Exploration & What's Missing: A Ranger's Perspective

Explorations first and foremost needs to be fun and interesting. It should also be as scientifically accurate as possible, but first it needs to not be quite so boring.


Adding elliptical orbitss, new objects, and better classification schemes would be nice, but it is window dressing at this point.

The core mechanic of scanning and discovery is just too bare bones. There is no skill or player involvement in scanning or interpreting data. There is barely any danger of any kind. Most people watch TV or listen to audio books while exploring because it is so hands off. I have heard that people have created bots programs to explore because it is so brain dead that an amateur computer AI program can solve it.
 
<grins> I have a soft spot for Mason and Dixon due to the 1761 transit of Venus. Ever read Mason & Dixon by Thomas Pynchon?

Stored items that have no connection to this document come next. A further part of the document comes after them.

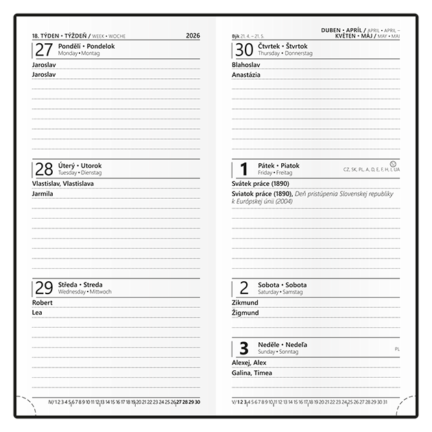 povrch diáře příjemný na dotek, zářivé barvy, moderní design, české a slovenské jmenné kalendárium, dny a měsíce v 5 jazycích (CZ, SK, ANG, D, R), mezinárodní svátky, měsíční fáze, roční období, letní a zimní čas, místo na poznámky, formát 7,5 x 15 cm
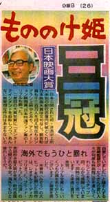 「もののけ姫」日本映画大賞 三冠
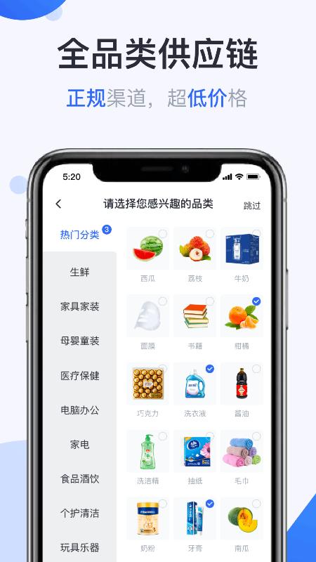 供给云app为商户提供的了完整的供应链操作功能,支持快速上架管理商品,选择模板活动,模板优惠券,对商户的店铺快速装修。
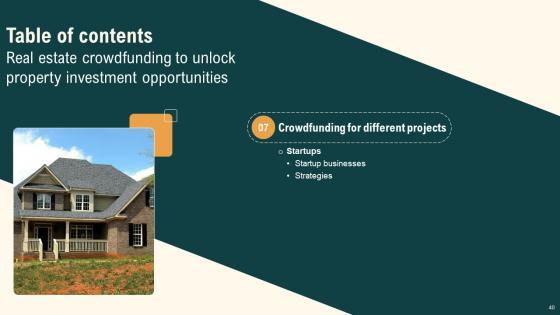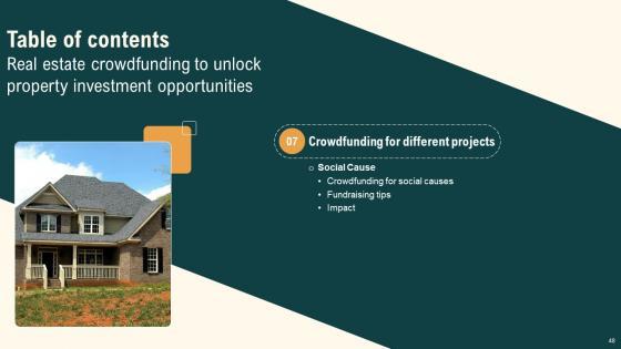 Presenting this PowerPoint presentation, titled Table Of Contents For Real Estate Crowdfunding To Unlock Property Investment Opportunities Fin SS V, with topics curated by our researchers after extensive research. This editable presentation is available for immediate download and provides attractive features when used. Download now and captivate your audience. Presenting this Table Of Contents For Real Estate Crowdfunding To Unlock Property Investment Opportunities Fin SS V. Our researchers have carefully researched and created these slides with all aspects taken into consideration. This is a completely customizable Table Of Contents For Real Estate Crowdfunding To Unlock Property Investment Opportunities Fin SS V that is available for immediate downloading. Download now and make an impact on your audience. Highlight the attractive features available with our PPTs. Our Table Of Contents For Real Estate Crowdfunding To Unlock Property Investment Opportunities Fin SS V are topically designed to provide an attractive backdrop to any subject. Use them to look like a presentation pro.
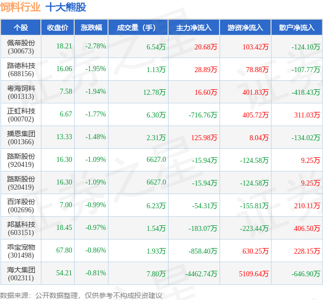 个股表现方面,饲料行业当日领跌股为佩蒂股份(300673),该股当日报收18.21,下跌2.78%,成交量6.54万,主力资金净流入20.68万元。路德科技(688156)以下跌1.95%紧随其后,该股当日成交量1.13万,主力资金净流入28.89万元。除此之外,粤海饲料(001313)、正虹科技(000702)、播恩集团(001366)均进入当日熊股之列。具体个股列表见下表:
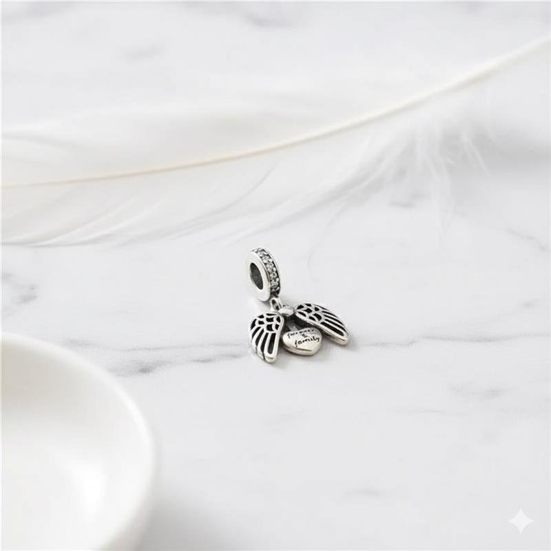 Berloque Prata 925 legitima em bali. Asa trabalhada em detalhes vazados. Atras um coração pendurado escrito ¨forever & family¨. Berloque pendurado com base redondada cravejado com pedra zircônia tradicional. Compatível com pulseiras Vivara e Pandora.Medidas:
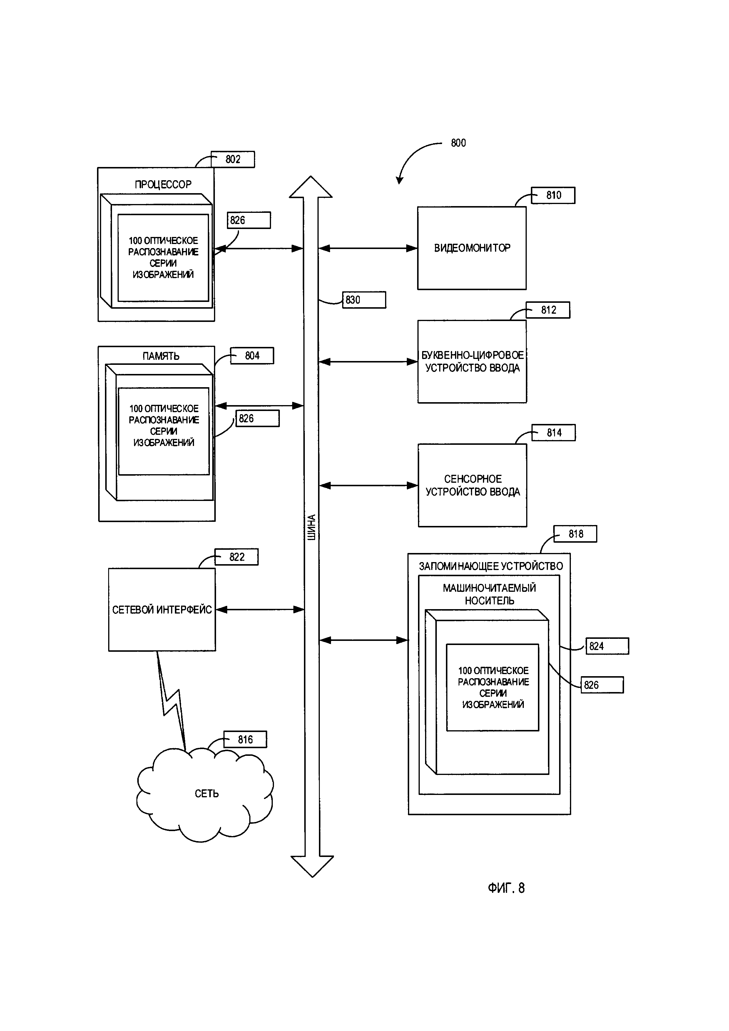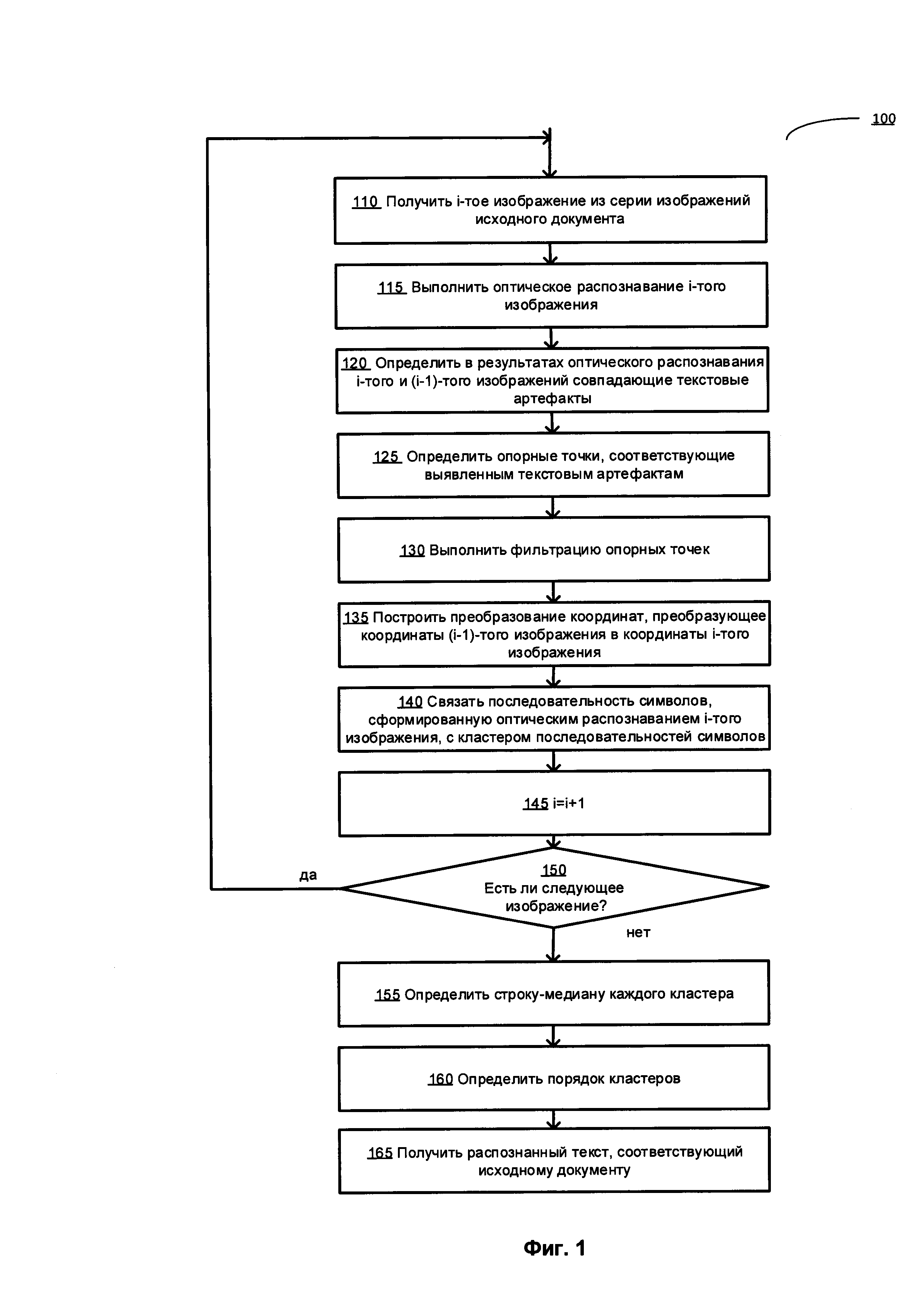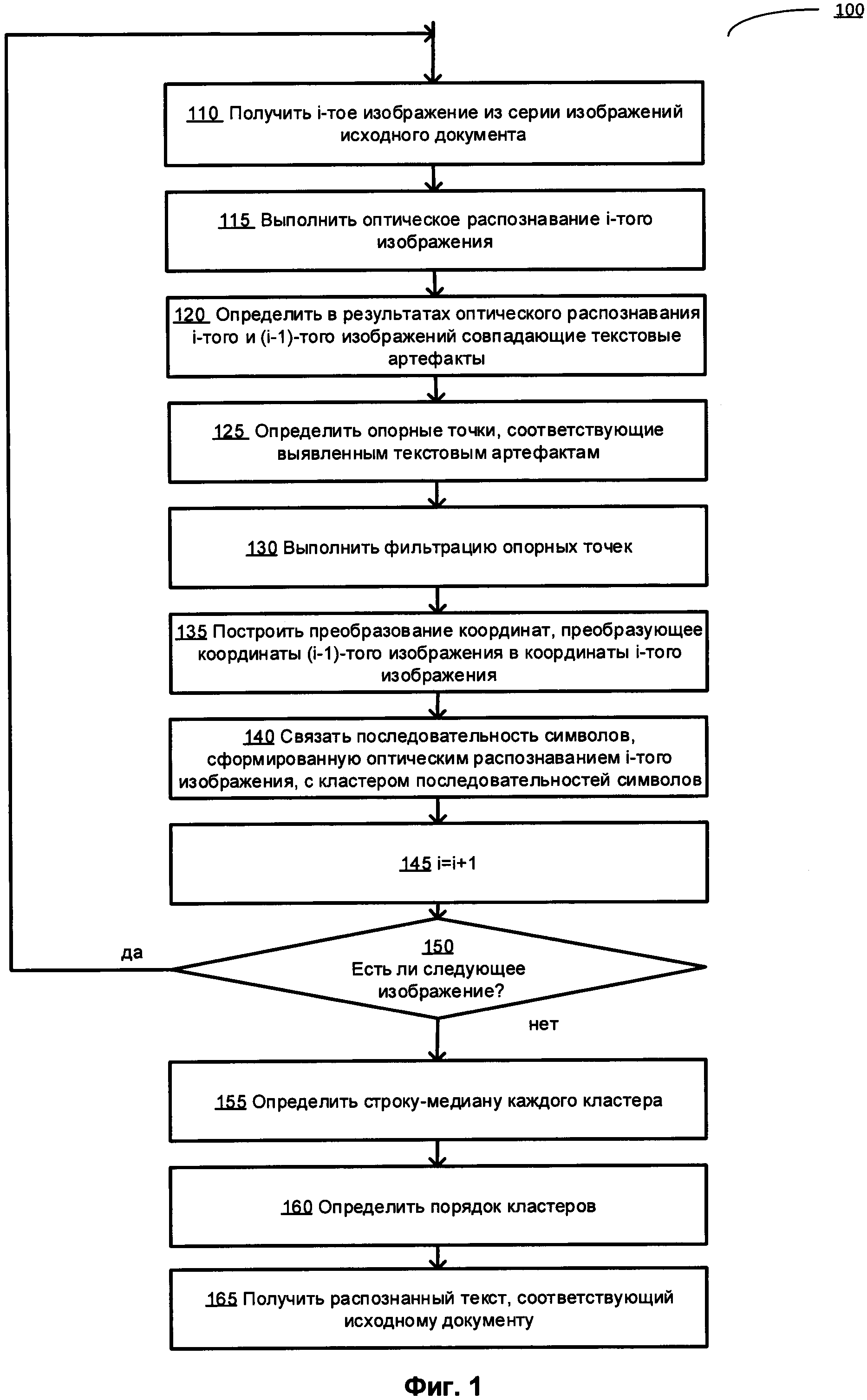 ОБЛАСТЬ ТЕХНИКИ [0001] Настоящее изобретение в общем относится к вычислительным системам, более конкретно к системам и способам оптического распознавания символов (OCR). УРОВЕНЬ ТЕХНИКИ [0002] Оптическое распознавание символов (OCR) представляет собой осуществляемое на компьютере преобразование изображений текста (включая машинописный, написанный от руки или напечатанный текст) в электронные документы в машинной кодировке. СУЩНОСТЬ ИЗОБРЕТЕНИЯ [0003] В соответствии с одним или более аспектами настоящего раскрытия изобретения описанный в примере способ оптического распознавания символов (OCR) серии изображений с символами некоторого алфавита может включать: получение текущего изображения из серии изображений исходного документа, причем текущее изображение хотя бы частично перекрывает предыдущее изображение из серии изображений; выполнение оптического распознавания символов (OCR) текущего изображения для получения распознанного текста и соответствующей ему разметки текста; определение с использованием распознанного текста и соответствующей ему разметки текста множества текстовых артефактов для каждого текущего изображения и предыдущего изображения, причем каждый текстовый артефакт представлен символьной последовательностью, которая обладает частотой встречаемости в распознанном тексте ниже пороговой частоты; определение для каждого текущего и предыдущего изображений соответствующего множества опорных точек, причем каждая опорная точка ассоциируется с по крайней мере одним текстовым артефактом из множества текстовых артефактов; вычисление с использованием координат соответствующих опорных точек текущего и предыдущего изображений параметров преобразования координат предыдущего изображения в координаты текущего изображения; связывание с помощью преобразования координат как минимум части распознанного текста с кластером из множества кластеров символьных последовательностей, причем распознанный текст создается путем обработки текущего изображения, а символьные последовательности создаются путем обработки одного или более ранее полученных изображений из серии изображений; определение порядка кластеров символьных последовательностей, причем этот порядок отражает разметку исходного документа; и получение с учетом порядка кластеров итогового распознанного текста, соответствующего хотя бы части исходного документа. [0004] В соответствии с одним или более аспектами настоящего раскрытия изобретения описанная в примере система оптического распознавания символов (OCR) серии изображений с символами некоторого алфавита может включать память, устройство обработки, подключенное к памяти, причем устройство обработки предназначено для: получения текущего изображения из серии изображений исходного документа, причем текущее изображение хотя бы частично перекрывает предыдущее изображение из серии изображений; выполнения оптического распознавания символов (OCR) текущего изображения для получения распознанного текста и соответствующей ему разметки текста; определения с использованием распознанного текста и соответствующей ему разметки текста множества текстовых артефактов для каждого текущего изображения и предыдущего изображения, причем каждый текстовый артефакт представлен символьной последо

No, but I'm aware of the pair's work. I'll check it out. Didn't they randomly fall out never to speak to each other again?
 
Dwarf planets do exist, they are just not labeled as such. Check the masses of the planets... typically around M class stars, you will find these dwarf planets. What I dislike, is the sheer lack of any sort of mega jump drive. Something like the mass effect gates... Just to let us realistically explore the other side of the galaxy. Although an easy way to do this, is to allow more fuel consumption from our FSD per jump. Hello 500 LY jump Anaconda. The whole damn thing needs to be re-worked from an economic standpoint first of all, and then more features that make it harder BUT more accessible at the same time.

As others have said, I also disagree with you here. Exploration has been trivialised as it is, let's not make it worse.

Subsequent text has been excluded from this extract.